Haltung zeigen, Risiko vermeiden
Kräftigung und regelmäßige Bewegung sind in der Vorbeugung von Schulterproblemen das A und O. Risikofaktor Nr. 1 ist die sitzende Tätigkeit vor dem Computer“, so der Orthopäde. Wer aus beruflichen Gründen viel sitzen muss, sollte auf eine möglichst ergonomische Gestaltung des Arbeitsplatzes achten und regelmäßige Bildschirmpausen einplanen, die für einfache Bewegungen und Entspannungsübungen genutzt werden.
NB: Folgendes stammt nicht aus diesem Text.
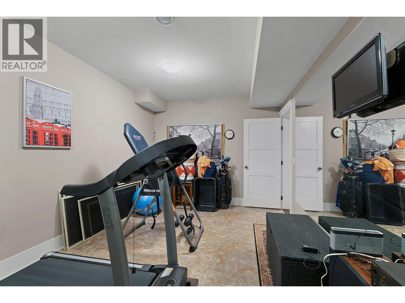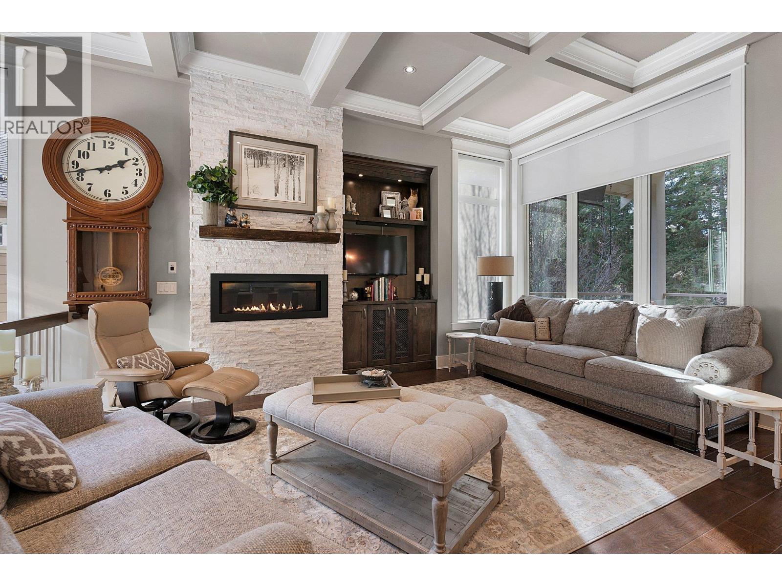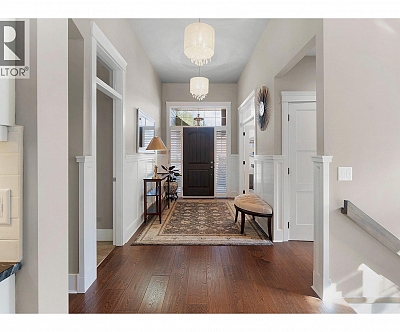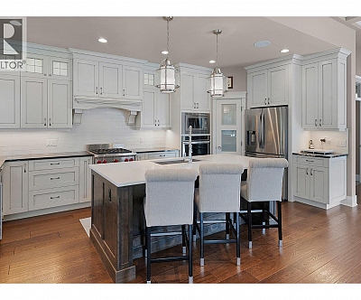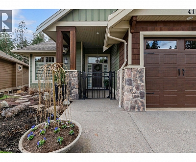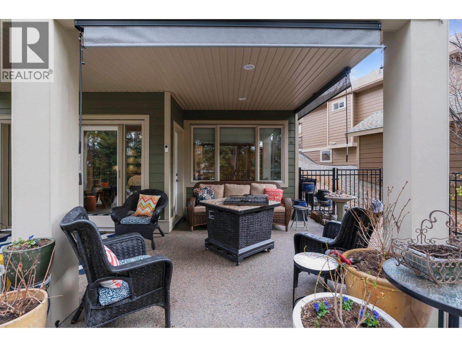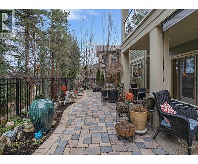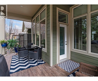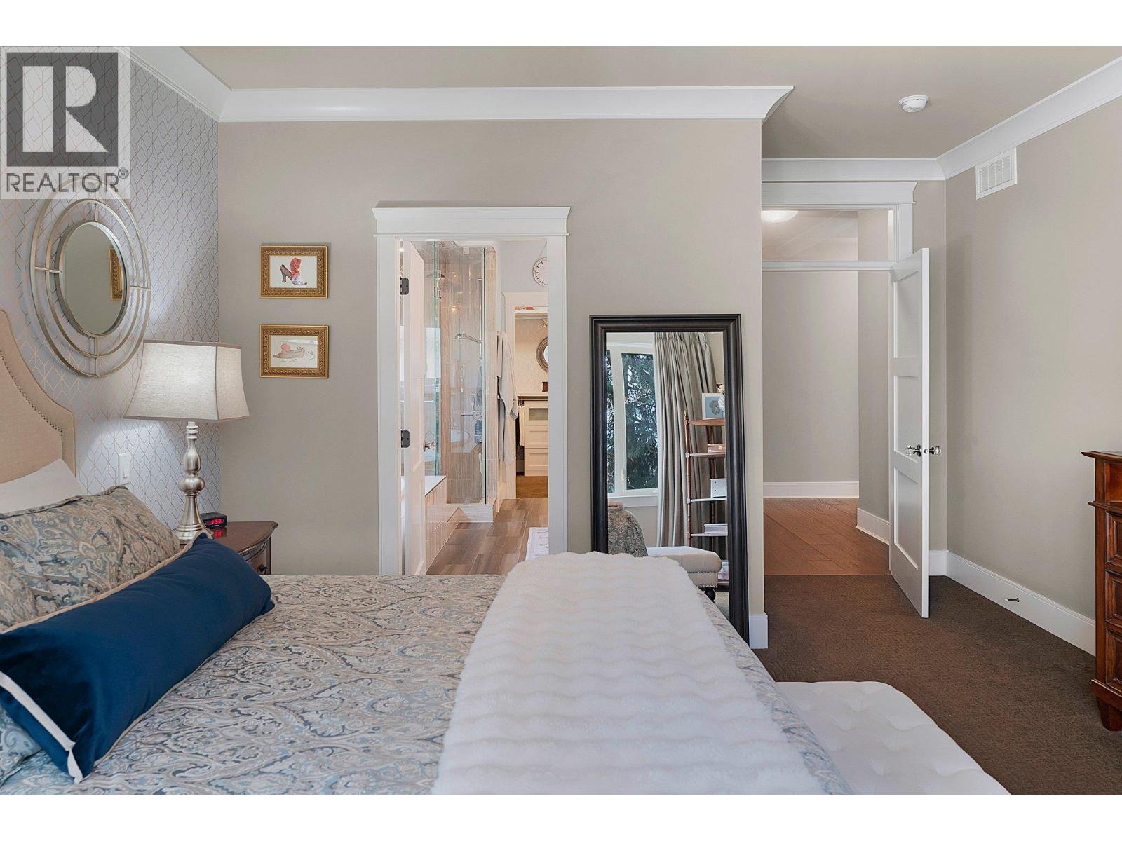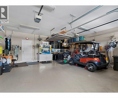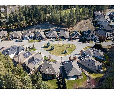 This immaculate walkout rancher is located on one of the most coveted streets in the prestigious Gallaghers Canyon golf community. Backing onto peaceful greenspace, this 3,260 sq.ft. home blends timeless design with modern upgrades. The bright open kitchen features quartz countertops, Wolf gas range, wall oven, wine and beverage fridges, and large island. It opens to an elegant living room with gas fireplace and built-ins, flowing into a formal dining area under coffered ceilings. Step outside to the expansive private balcony—perfect for morning coffee or warm summer evenings.The main floor includes a spacious primary suite with ensuite bath and walk-in closet, a stylish front office with bold designer wallpaper, powder room, and laundry off the garage.The lower walkout level offers two generous bedrooms, full bath, rec room with full wet bar and fireplace, home gym, plenty of room for storage and french door access to a landscaped yard with covered patio. Additional features: solar panels (near Net Zero utilities), dual-zone heating, built-in speakers, electric blinds, and an oversized double garage. Gallaghers is a true lifestyle community where you can drive your golf cart to the clubhouse, fitness centre, indoor pool, tennis courts, or either of the two championship courses. Resort-style living just minutes from all Kelowna amenities. (id:6770)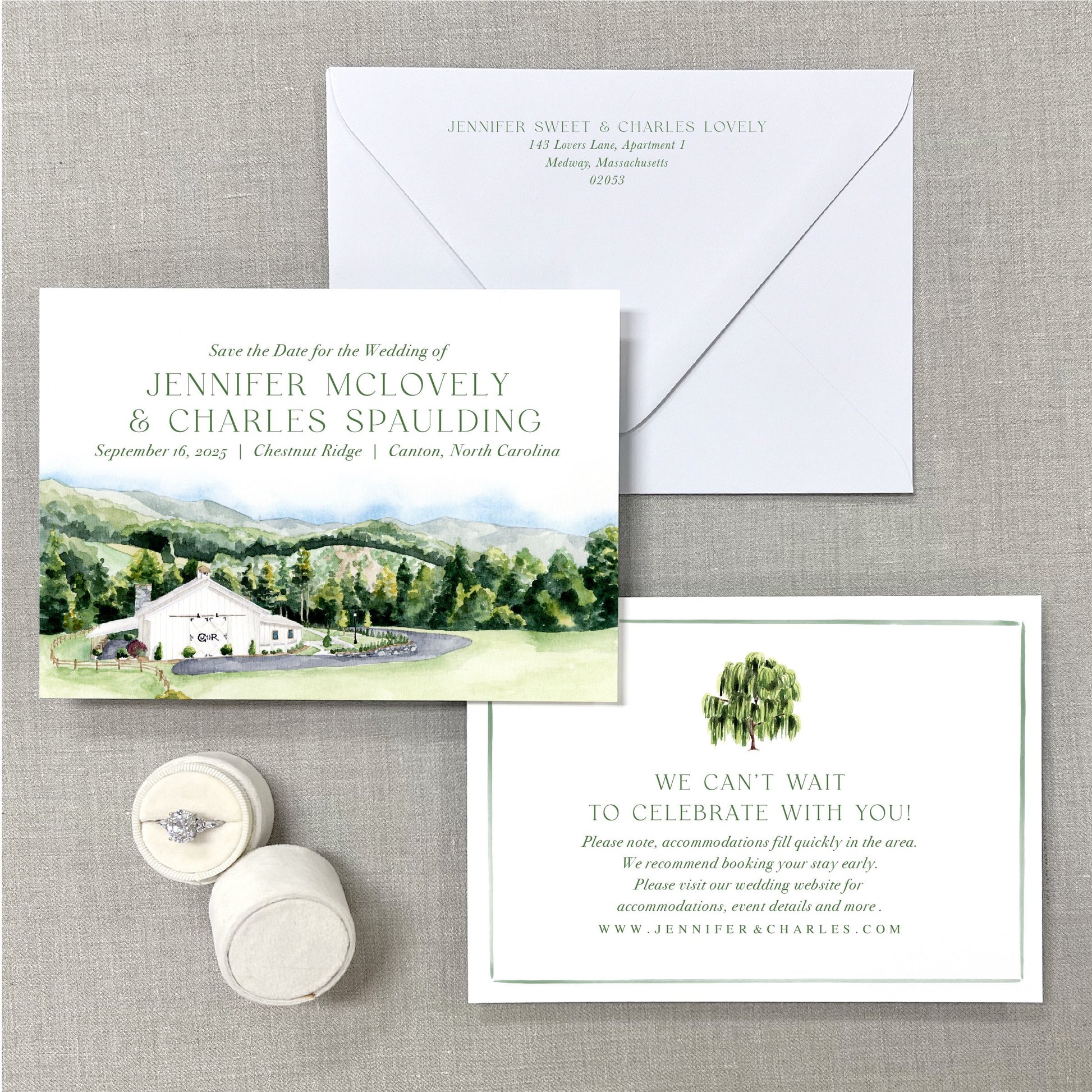 Chestnut Ridge, Canton, North Carolina, Watercolor Wedding Venue Save The Dates

Ein schlecht angepasster Arbeitsplatz kann zu Haltungsschäden und Verspannungen im Schulter-Nackenbereich führen, die für viele Probleme im Schulterbereich verantwortlich sind. Regelmäßige Bewegung in der Natur und eine gezielte Stärkung der Muskulatur beugen Schmerzen vor. Dabei sollte immer auf eine gute Haltung des Schultergürtels geachtet werden. Vorsicht ist hingegen bei allen Überkopfsportarten wie Tennis, Handball oder Volleyball sowie bei allen Sportarten mit erhöhtem Sturzrisiko geboten.